━━ GIVEN INFORMATION

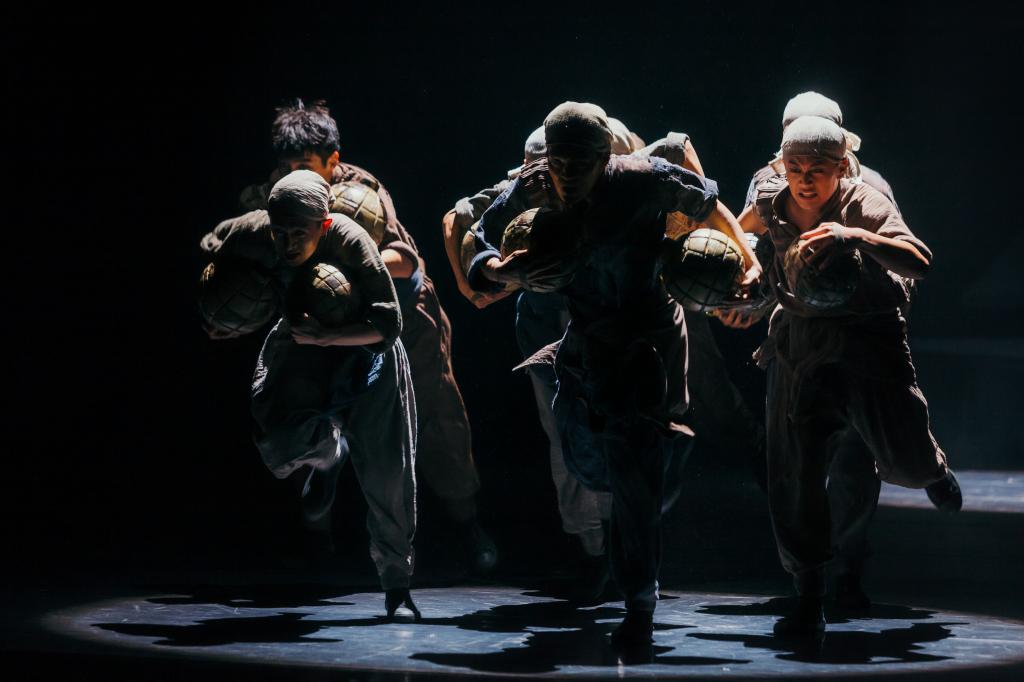 在舞蹈配乐上,《地雷战》将具有海阳特色的民间小调、秧歌剧调以及具有音乐性的民间方言赋予民族摇滚乐的音乐风格和精神内涵,形成了融合电子、民族、电声、大管弦乐在内的包容性音乐气质。在舞美方面,该剧运用象征性的造型元素和隐喻性的艺术语汇,山、石、雷等舞台道具与演员刚柔并济的舞姿融为一体,让现场观众有身临其境之感。
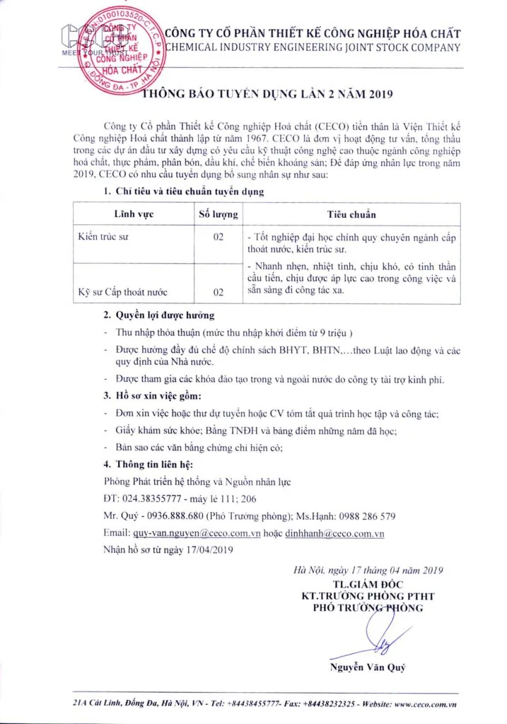 THÔNG BÁO TUYỂN DỤNG NĂM 2018
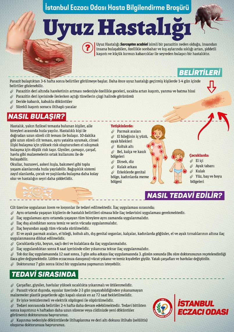 Uyuz Hastalığı Sarcoptes scabiei isimli bir parazitin neden olduğu, insandan insana bulaşabilen, özellikle sonbahar ve kış aylarında sıklığı artan, şiddetli kaşıntı ve küçük kırmızı kabarcıklar ile seyreden bulaşıcı bir hastalıktır.

━━━━

# [EXERCISE GOAL]
Print the material again, unchanged, without its pictures.

# [ANSWER]
 在舞蹈配乐上,《地雷战》将具有海阳特色的民间小调、秧歌剧调以及具有音乐性的民间方言赋予民族摇滚乐的音乐风格和精神内涵,形成了融合电子、民族、电声、大管弦乐在内的包容性音乐气质。在舞美方面,该剧运用象征性的造型元素和隐喻性的艺术语汇,山、石、雷等舞台道具与演员刚柔并济的舞姿融为一体,让现场观众有身临其境之感。
 THÔNG BÁO TUYỂN DỤNG NĂM 2018
 Uyuz Hastalığı Sarcoptes scabiei isimli bir parazitin neden olduğu, insandan insana bulaşabilen, özellikle sonbahar ve kış aylarında sıklığı artan, şiddetli kaşıntı ve küçük kırmızı kabarcıklar ile seyreden bulaşıcı bir hastalıktır.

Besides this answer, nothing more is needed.